* **TASK ITEM**
Which lines in the records below contain the word "Foam"? Copy each one.

┏━━

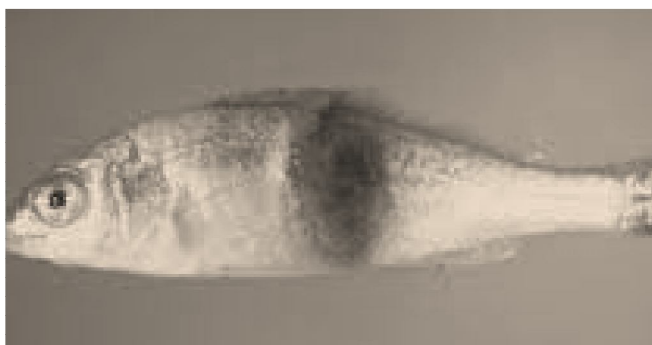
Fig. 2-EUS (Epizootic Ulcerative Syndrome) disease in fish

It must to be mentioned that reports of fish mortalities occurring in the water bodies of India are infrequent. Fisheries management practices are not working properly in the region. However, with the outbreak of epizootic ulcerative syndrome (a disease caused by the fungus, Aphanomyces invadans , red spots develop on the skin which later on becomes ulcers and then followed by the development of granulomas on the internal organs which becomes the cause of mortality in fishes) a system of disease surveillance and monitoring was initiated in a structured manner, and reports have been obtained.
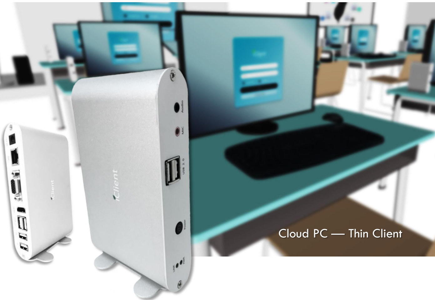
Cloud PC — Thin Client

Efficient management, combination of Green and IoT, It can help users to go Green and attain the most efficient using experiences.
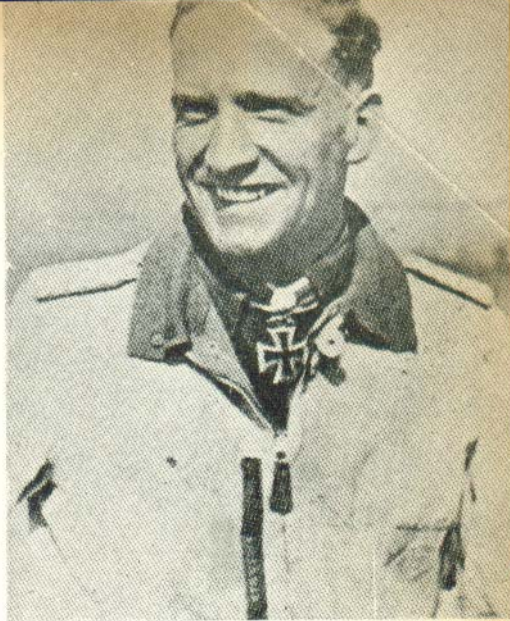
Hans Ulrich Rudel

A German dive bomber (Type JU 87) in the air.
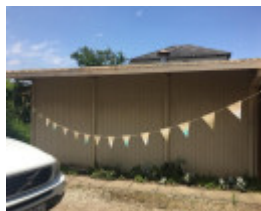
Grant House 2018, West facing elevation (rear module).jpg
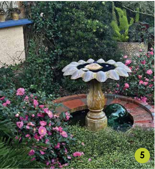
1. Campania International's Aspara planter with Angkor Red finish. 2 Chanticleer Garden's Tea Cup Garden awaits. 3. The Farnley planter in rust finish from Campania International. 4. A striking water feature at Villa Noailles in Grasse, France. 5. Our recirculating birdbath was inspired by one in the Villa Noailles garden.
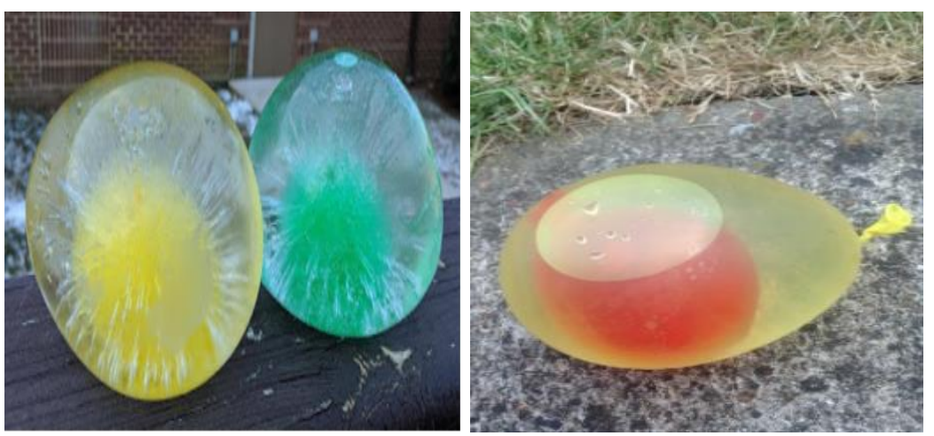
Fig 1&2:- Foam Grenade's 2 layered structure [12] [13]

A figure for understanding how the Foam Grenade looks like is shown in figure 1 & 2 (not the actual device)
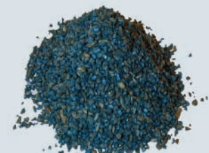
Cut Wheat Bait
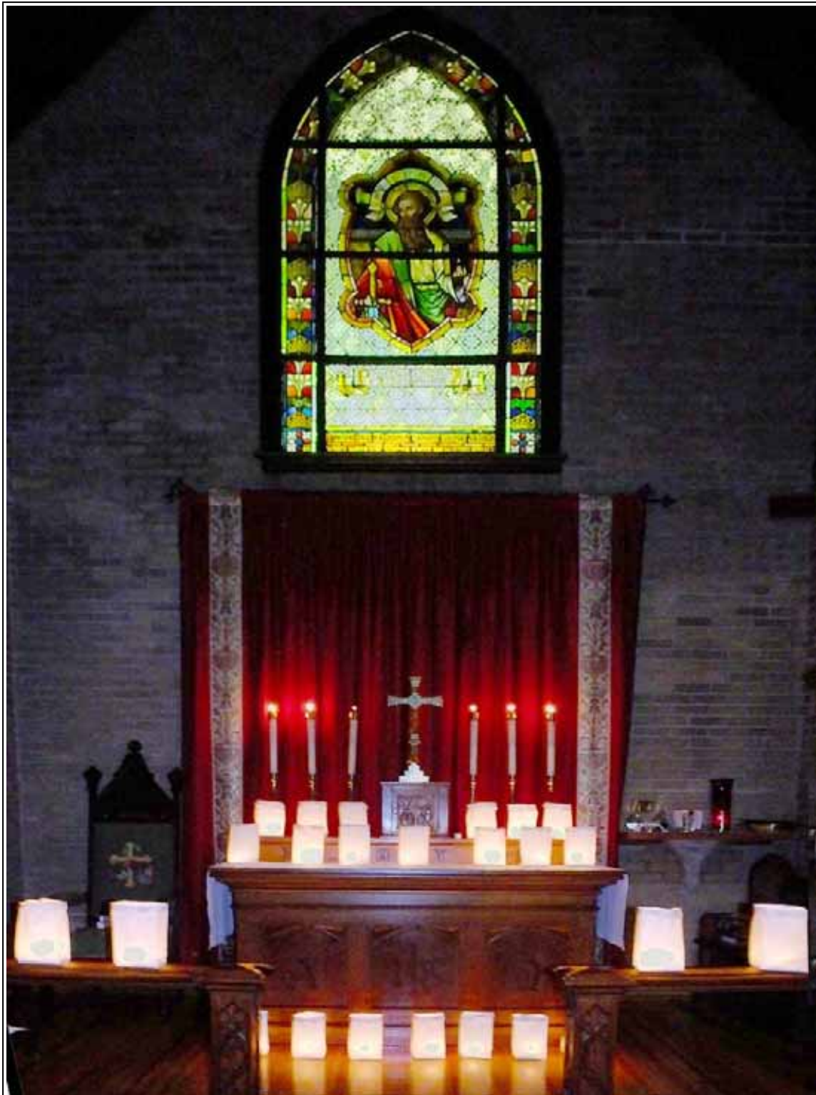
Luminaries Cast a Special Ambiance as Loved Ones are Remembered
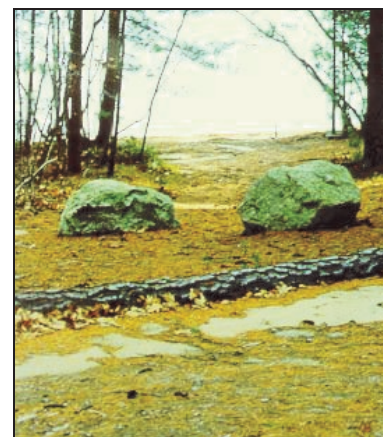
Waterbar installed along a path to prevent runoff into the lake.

┗━━

* **ANSWER TO THIS PROBLEM**
Fig 1&2:- Foam Grenade's 2 layered structure [12] [13]
A figure for understanding how the Foam Grenade looks like is shown in figure 1 & 2 (not the actual device)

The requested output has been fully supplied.